# NAS WD + Acces Local/Ext + Plex



## arthurod44 (17 Mai 2016)

Bonjour à tous,

Je suis néophyte dans le domaine et bien qu'avoir parcouru quelques forums et tutos, je n'ai rien trouvé correspondant à ma config/mes attentes alors je m'en remets à vous. Certains diront que 1000 tutos existent déjà.. mais dans la majorité des cas c'est simplement en local et l'exemple est un NAS de Synology sur une Livebox... N'ayant aucun des deux, je voudrais faire un parfait contre exemple et aider j'en suis sûr beaucoup de personnes dans mon cas. Grâce à vos réponses je souhaite faire un tuto complet pour aider les personnes qui partent de zéro, qui achètent un NAS et qui aimerait en faire un serveur sympa pour quelques euros...

*Matériel :* 
MBP 15' Retina 2014 (Wifi)
NAS WD MyCloud EX2 4 To <câblé> Routeur Netgear <câblé> Modem RED Fibre by SFR <> @

*But :*
Je cherche à créer un "superserveur" de films/séries avec un nom simple, accessible depuis n'importe où, par plusieurs sessions utilisateurs, chacun ayant leurs droits et fonctionnant comme une seedbox, une dropbox...

*Objectifs :*
A) Accéder (lecture, écriture et téléchargement) en local comme depuis l'extérieur de manière simple et fiable, à tout le contenu de mon serveur/NAS via un nom de domaine
==> PC/Mac/iOS/Andr/WP > www.SUPERSERVEUR.xxx.com > Login(s) + mdp(s) > contenu

B) Contenu accessible depuis mon interface Plex
==> TV > AppleTV > Plex > contenu

*J'ai besoin d'aide pour : *
Dans un souci d'organisation merci de reprendre le numéro de la question dans votre réponse

1) CONFIGURATION NAS
Quelle est la bonne config de l'onglet RESEAU dans l'interface de WD du NAS ? 
Quelles options (dé)cocher ? FTP ? SSH ? DLNA ? NFS ? Il y en a trop...
> cf. lien dropbox

2) NOM DE DOMAINE
Procédure complète pour attribuer un nom de domaine : 
NoIP ? DynDNS ? Gratuit ? Payant ? ==> Je suis prêt à payer un nom de domaine
Quelles infos faut il ensuite rentrer et dans quelle interface ? celle du modem ? celle de WD ?

3) PORTS
Ouvrir les ports, les rediriger.. là faut qu'on me drive onglets par onglets dans le modem en mode admin

4) PLEX 
Relier le tout à mon compte Plex

Je vais joindre ici un lien vers un dossier Dropbox où se trouveront toutes les infos complémentaires, photos, screenshots...

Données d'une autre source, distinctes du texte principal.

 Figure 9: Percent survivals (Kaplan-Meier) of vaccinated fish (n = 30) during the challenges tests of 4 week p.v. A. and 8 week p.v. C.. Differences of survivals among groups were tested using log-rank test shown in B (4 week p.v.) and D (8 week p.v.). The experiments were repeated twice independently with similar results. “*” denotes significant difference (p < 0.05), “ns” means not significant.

Merci d'avance à tous ceux qui m'apporteront leur aide à ce topic.


----------



## arthurod44 (17 Mai 2016)

Dossier de photos/screenshots (voué à être enrichi)

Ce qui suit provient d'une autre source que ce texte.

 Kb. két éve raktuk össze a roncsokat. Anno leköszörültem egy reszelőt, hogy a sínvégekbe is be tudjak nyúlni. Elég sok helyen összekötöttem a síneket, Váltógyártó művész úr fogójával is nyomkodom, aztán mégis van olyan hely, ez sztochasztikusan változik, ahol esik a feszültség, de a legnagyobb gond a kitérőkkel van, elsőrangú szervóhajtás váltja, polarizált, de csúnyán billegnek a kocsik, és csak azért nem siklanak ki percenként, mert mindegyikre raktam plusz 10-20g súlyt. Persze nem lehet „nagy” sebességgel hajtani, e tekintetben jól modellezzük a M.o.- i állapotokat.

https://www.dropbox.com/sh/4gmxatpruts0w8c/AACHyQJKu8lsmaO2uBC13JT4a?dl=0


----------



## kaos (18 Mai 2016)

Je te conseille avant d'ouvrir ton serveur depuis l'extérieur, (ce qui n'est pas sans risque) de bien maitriser ton NAS en local.

Pour cela,
Dans ton NAS active le protocole SAMBA ou SMB/CIFS ça dépends comment il est nommé.

C'est un protocole de partage Win/Mac qui va te permettre de voir ton serveur dans le Finder, tu cliqueras sur connexion et tu tape le compte que tu veux et voilà.

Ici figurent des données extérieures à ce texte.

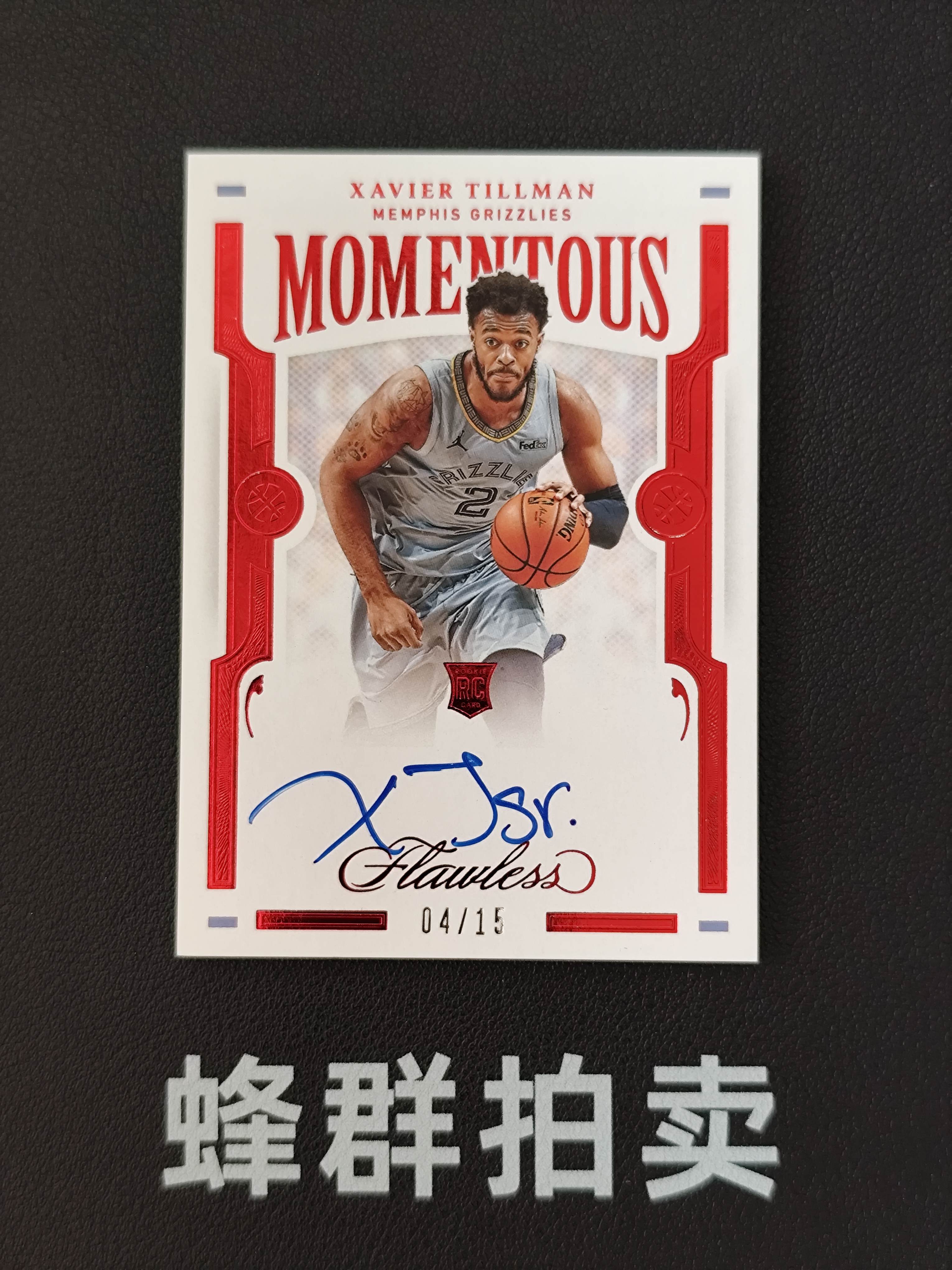 【蜂群拍卖】2020-21 Panini Flawless 手提 Xavier Tillman 灰熊 蒂尔曼 签字 卡签 Momentous 时刻签 红平行 /15编 低编 实卡好看 不到付 #凡总

Pour les services que tu ne connais pas, va voir sur Google /
Par exemple le DLNA c'est pour lire les vidéo a partir de ta télé si elle prend en charge ce protocole,

Amuse toi avec ton NAS, fais des tests et dans quelques jours tu pourras te pencher sur l’accès de l’extérieur.
Visiblement tu as la fibre, c'est dejà un bon point ...

*Notes sur les Screenshots*

Désactive les services que tu ne connais pas pou dont tu n'as pas besoin pour l'instant, ils vont bouffer de la resource pour rien.
Désactive le Cloud (tu verras ça plus tard)
Au niveau réseau, désactive le DHCP et passe en IP fixe sinon ça va être la merde pour t'y connecter a chaque fois / tu choisis une IP locale libre et tu te fais un favoris dans ton navigateur.
_Le DHCP c'est un micro programme de ta Box/routeur qui donne a la volée une IP a n'importe quel équipement qui se connecte chez toi. Si tu l'active, ton NAS va changer d'IP a chaque fois._





Maintenant je me permet un petit conseil.
_Ce genre d'appareil n'est pas super optimisé pour faire un réel serveur ouvert de l’extérieur, cela demande souvent quelques réglages poussés au niveau Firewall etc .. Je le sais car je l'ai fais avec un server plus ou moins identique (Dlink) et les débits étaient immondes, je pense qu'il vaut mieux garder ce serveur pour du local et se tourner vers une petite config PC avec une distribution simple comme *Open media vault* et optimiser la config pour en faire un serveur.
Peut être que certains ne seront pas d'accord avec moi, mais c'est ma petite expérience.
_


----------



## arthurod44 (18 Mai 2016)

Slt Kaos,

En local peut de pbs. Je le maitrise bien. J'y accede via Finder avec mes id admin donc de ce côté ça va. Le seul point noir c'est que cette connexion saute parfois. J'ai un popup qui me dit que les volumes se sont déconnectés : je n'arrive pas à créer un alias sur le bureau où qd je clic dessus ça ouvre le dossier Films, Series...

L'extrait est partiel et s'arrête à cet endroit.